As illustrated in Figure 13, the antioxidant advantages of XSMP digests are attributed to a coherent mechanism: moderate heat pretreatment induced partial unfolding and disaggregation of protein structures, thereby enhancing interfacial functionality and increasing protease accessibility, which in turn was associated with the appearance of antioxidant-active peptide fractions. These peptides exert their effects through multiple complementary mechanisms, including electron donation, transition-metal chelation, and chain-breaking of free radical propagation, collectively explaining the superior performance of the 65 °C-pretreated samples across antioxidant assays.

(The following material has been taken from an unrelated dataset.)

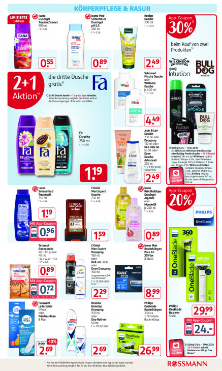 Bitte beachten Sie, dass dieser Text automatisch generiert wird und möglicherweise Fehler enthältKÖRPERPFLEGE & RASUR LIMITIERTE Isana Isana Med Kneipp Duschgel Seifenfreies Dusche App-Coupon Edition Tropical Sunset Duschgel 200 ml 5 300 mL pH5,5 ALES 1l=183 250 ml | 112356 30 % Í / ISANA° } 4 Fr MED DA, 4 Te D Elina beim Kauf von zwei QE ae Aie Produkten” | | wii SON DER, BULL l Sebamed D marmer Frische Dusche Intuition die dritte Dusche oder Wellness (f gratis” Saône Dusche Ya a je400ml | I= Cet) 4) 2x Fa Dusche kaufen —1 x gratis dazu erhalten. 2 Aktion” Keine Borauszchlung möglich Der Rabatt wird an B der Kasse abgezogen. Bitte selbst auswählen stan — a Fr Ik | ë ach & CES Er I Jean &Len 5 Dusche = Dusche Jelen 250 ml oder = a a Dr À 250 ml sé Deospray 150 ml oder E E ©) 112476 TV | Deo Roll-on 5) Gültig 1.04. - 1.04.2026. kel 50 mL oder 2 x Wilkinson, Wilkinson intuition und/ Fa Dove oder Bulldog Produktkaufen — 30 % Rabatt RELAXIN A MEN Dore | Dusche erhalten? Gt nur aufWilkinsom Hydro 5 5 Advanced Rasirer/Hingen 4 tk, Sword Precison en Aka 225 ml Styler Rasiergel 200 ml, Wilkinsan 6 Rasie- 7 5 rer/kingen 4 tie Wilkinson Intuition: nd 1129.96/1660/ Complete Raserer/Kingen 4980/1107 3Stk, Eyebraw Shaper KL. a 5 sic Bulldog Original tr Feuchtigeitscreme 100 ml, CLOS Dusche Lemon & Bergamatte 300 ml Isana L'Oréal sana Schaumbad Men Expert Reichhaltiges CRE Traumzeit Dusche Duschgel 750 ml 250 ml % Arganël EN 112199 112636 ih NA oder MENEXPERT LOREAL Mandell ID à je 250 ml 112356 PHILIPS ä a . a: VTT el “ pe * FE EE 2 Tu Tetesept L'Oréal sana Men Badezusatz Men Expert Rasierklingen a Pace 6+ 40 mL 40-809 oder 150 mL Deospray 3DFlex Re 1ig=2225 113 oder 8 Stück en 2% Roll-on 50 ml oder Dove Deospray tete: sept: Die 150 mL ISANA es = Tecvesdis aan orginal und Advanced ausgenommen Zink ©} Mit App- Coupon 1527 1121527/4580/ zor FT u er 119 à Test Fusswohl Rexona Philips, Ledersohle Nonstop Oneblade Philips 1Paar OneBlade Deospray Rasierklingen Rasierer G oder 150 mL 3 Stück Frischesohlen oder +1 Intimate Stück en 8 Poor Deo Roll-on Rosierklinge DE A Le 50 ml 1t= 1793/5280 Los Jz m SOHLEN, 24 10% 7 A à 6) Gütig 13.04. 17.04 2026 f- 20 % Rabatt auf alle Fr Tr Rasierer von Philips One 25 der Appt Blade” # Nur mit der ROSSMANN-App enläsbar Coupon aktivieren und App an der Kasse scannen. Keine Barauszchlung möglich. Nur x pra Kaufeinlösbar. ite selbst auswählen. R@SSMANN

Similar observations were reported on soy proteins, where mild heating enhanced peptide-mediated antioxidant activity after digestion [41]. These parallels suggest that moderate heat pretreatment represents a generalizable strategy to enhance the functional properties of plant protein-derived peptides, providing a rationale for the use of controlled thermal conditioning in the development of antioxidant-enriched food products. Nevertheless, as the present findings are derived from simulated digestion models and comparatively evaluated experimental observations, further in vivo validation and additional quantitative characterization would help to strengthen physiological relevance and refine mechanistic interpretation for optimized processing applications.

4. Conclusions

This study systematically investigated heat pretreatment-induced changes in the structural characteristics, interfacial properties, susceptibility to digestive proteases, and antioxidant activity of XSMP. Moderate heating at approximately 65 °C induced partial unfolding and improved protein dispersion, which enhanced interfacial properties and increased enzymatic accessibility during simulated gastrointestinal digestion. As a result, the digestates generated under this condition exhibited enhanced antioxidant activities, whereas insufficient unfolding at lower temperatures or excessive aggregation at higher temperatures reduced susceptibility to digestive proteases and subsequent functional responses. These results demonstrate that heat-induced structural modulation in XSMP governs the interplay among protein unfolding, susceptibility to digestive proteases, and antioxidant activity. The findings highlight controlled heat processing as an effective and eco-friendly strategy to enhance the nutritional and functional potential of underutilized plant proteins, providing a scientific basis for their broader application in sustainable food systems and functional product development. Future studies may further strengthen its physiological relevance and refine process design through bioactive peptide profiling and in vivo validation.